From: wjbaird@dahlia.waterloo.edu (Warren Baird)
Subject: Re: Virtual Reality, Helmets, and Gloves
Date: 10 Apr 91 02:48:08 GMT
Organization: University of Waterloo



In article <1991Apr4.021135.12258@milton.u.washington.edu> frerichs@ux1.cso.uiuc
.edu (David J Frerichs) writes:
>
>I think that the most important aspect of VR (IMHO), complete replacement
>of a sensory modality, visual in this case, is missing in a non-helmet/boom
>system. 

I'll have to disagree with this statement.  Perhaps my definition of VR
is different from yours (I saw a thread about that a while back...
Was anything concrete decided??), but I personally believe that any 
general VR system designed should function almost independantly of the
display used.  

Whatever is in the world generated by the VR system could be displayed
just as well on a flat screen as through a head mounted stero display.
Navigation would be more complicated, but the same concepts hold.


> ... but floating an object in space in front of your monitor
>is not creating a virtual-world, even if it is interactive.  

Is this the consensus of the 'group mind'??  It seems to me that a VW
is a system that provides interaction with and between the objects in
the system, in a matter similar to the real world.
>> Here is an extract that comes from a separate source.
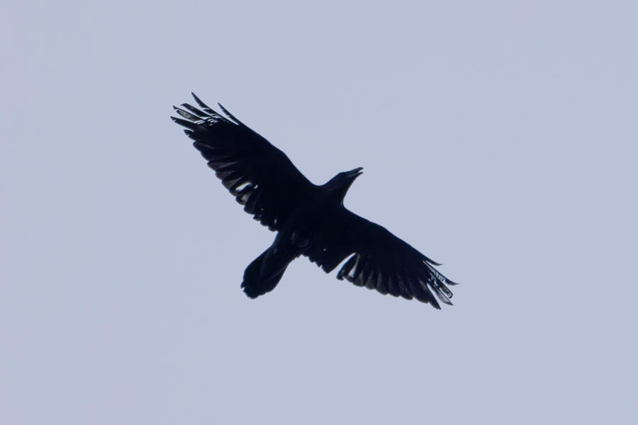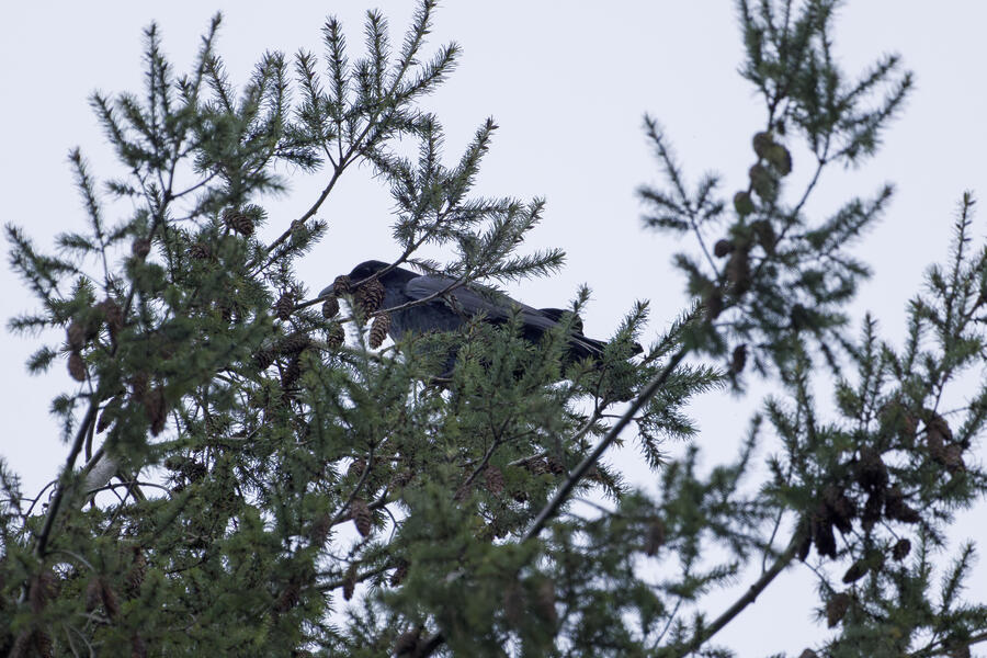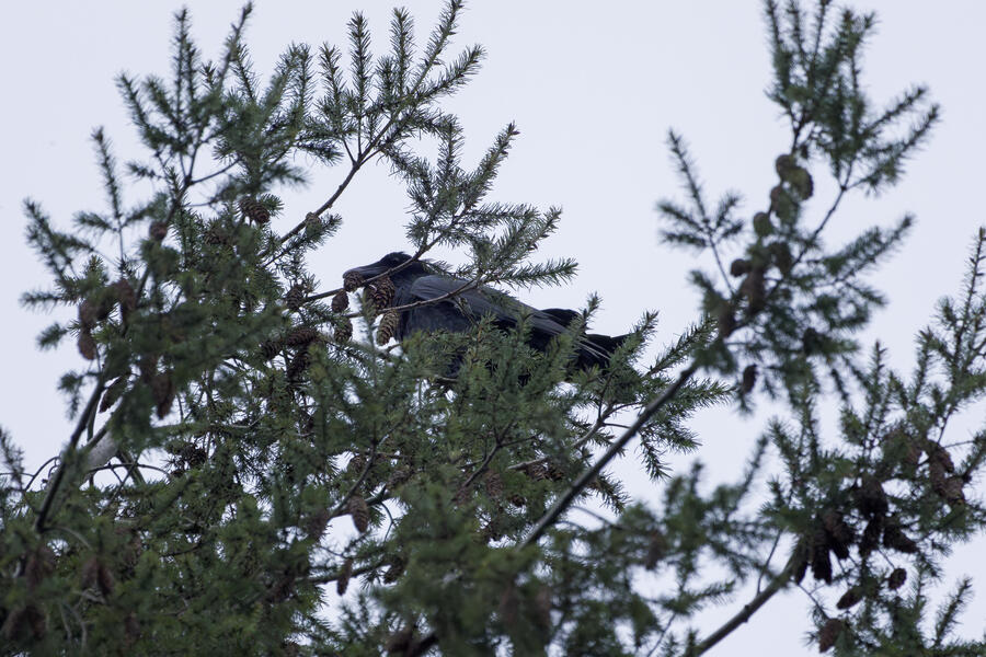 I also added another bird to the yard photos list: Common Raven. I've heard them well overhead a few times from the yard lately, but this time one spent a while squawking from the top of a tree and I was able to photograph it.
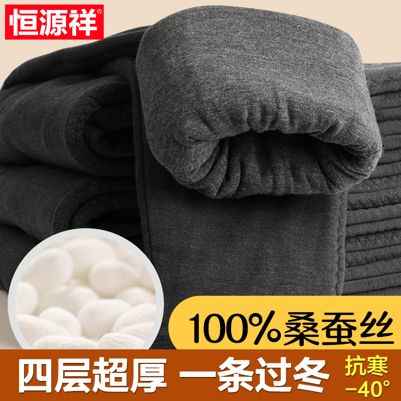 恒源祥桑蚕丝棉裤男士冬季东北加绒加厚高腰保暖裤女士打底裤绒裤

Does the display-type really come into the definition of a VW?
(Sorry if this is a dead topic... I didn't follow the definition of VR
thread when it came up last...)

>[dfRERICHS
> University of Illinois, Urbana         Designing systems that work...
> Dept. of Computer Engineering          Consumer VR. Networked VR.
> IEEE/SigGraph                            _    _    _
> frerichs@ux1.cso.uiuc.edu              _/_\__/_\__/_\_
> frerichs@well.sf.ca.us                  \_/  \_/  \_/                     ]


-- 
         Warren Baird, 2A Co-op Math Computer Science, U(Waterloo)
 wjbaird@dahlia.uwaterloo.ca ...utzoo!watmath.uwaterloo.edu!dahlia!wjbaird
            An elephant is a mouse with an operating system.